In response to DNA damage, nuclear p53, a tumor suppressor, induces expression of the p53 up-regulated modulator of apoptosis (PUMA). PUMA in turn regulates the activity of cytosolic p53. In the cytosol, p53 is sequestered by the anti-apoptotic protein BCL-xL, a member of the BCL-2 family of anti-apoptotic proteins. PUMA disrupts this interaction and frees p53 to initiate apoptosis. BCL-2 proteins are composed of BCL-2 homology (BH) domains, and PUMA is a single–BH domain protein.
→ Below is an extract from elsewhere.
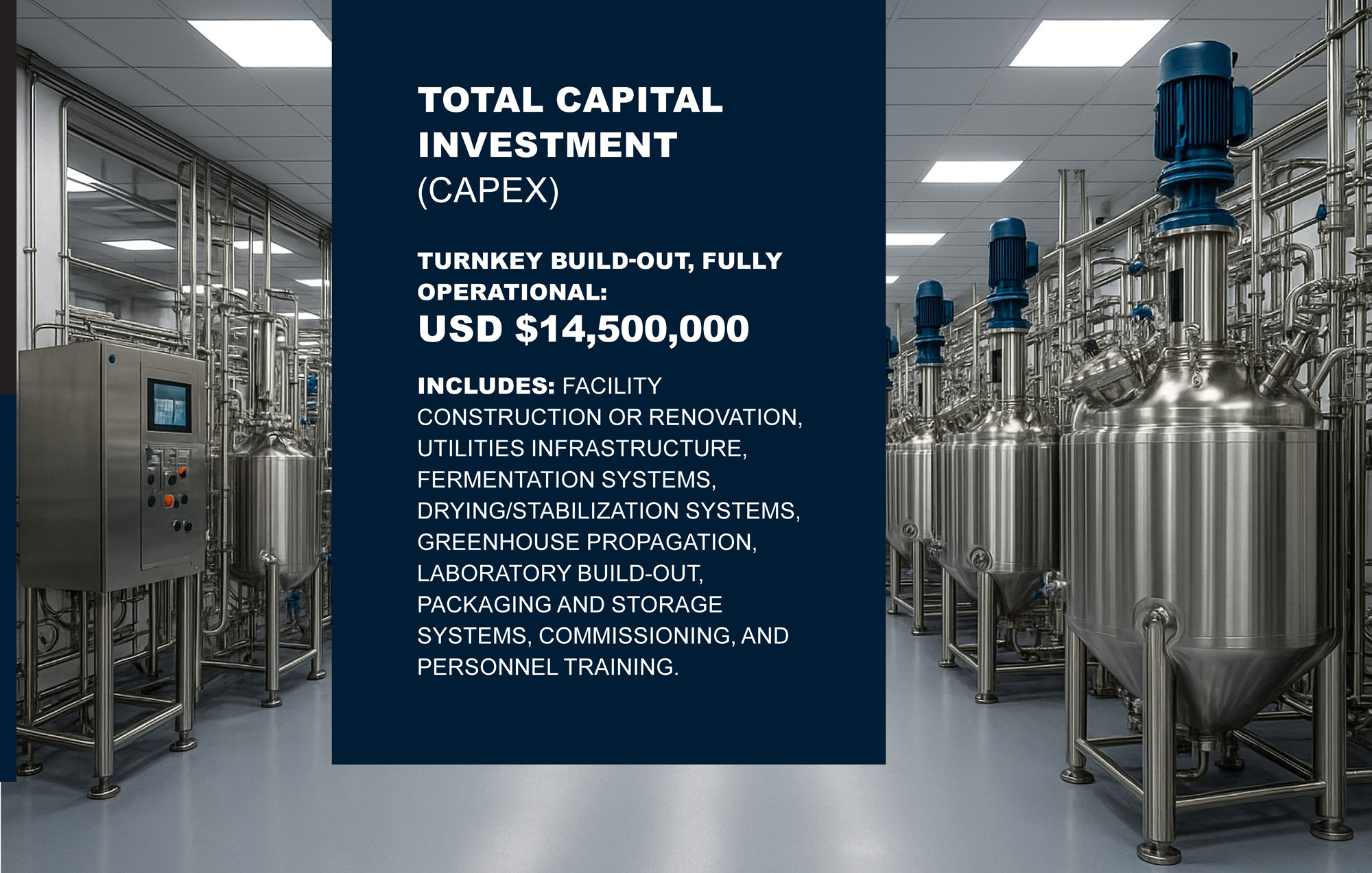 Includes: facility construction or renovation, utilities infrastructure, fermentation systems, drying/stabilization systems, greenhouse propagation, laboratory build-out, packaging and storage systems, commissioning, and personnel training.

Follis et al. used NMR spectroscopy and biophysical methods to show that PUMA is intrinsically unstructured, but that its BH3 domain folds upon binding to a hydrophobic groove in BCL-xL. NMR spectroscopy and x-ray crystallography showed that PUMA binding caused partial unfolding of two helices in BCL-xL. Although PUMA forms complexes with other anti-apoptotic complexes, it did not induce similar structural perturbations in these proteins. Structural data suggested that a π-stacking interaction between Trp-71 of PUMA and His-113 of BCL-xL was key to the destabilization of regions of the BCL-xL structure. Thus, the p53 apoptotic pathway is activated by regulated unfolding of an anti-apoptotic protein.

Nat. Chem. Biol. 10.1038/NCHEMBIO.1166 (2013).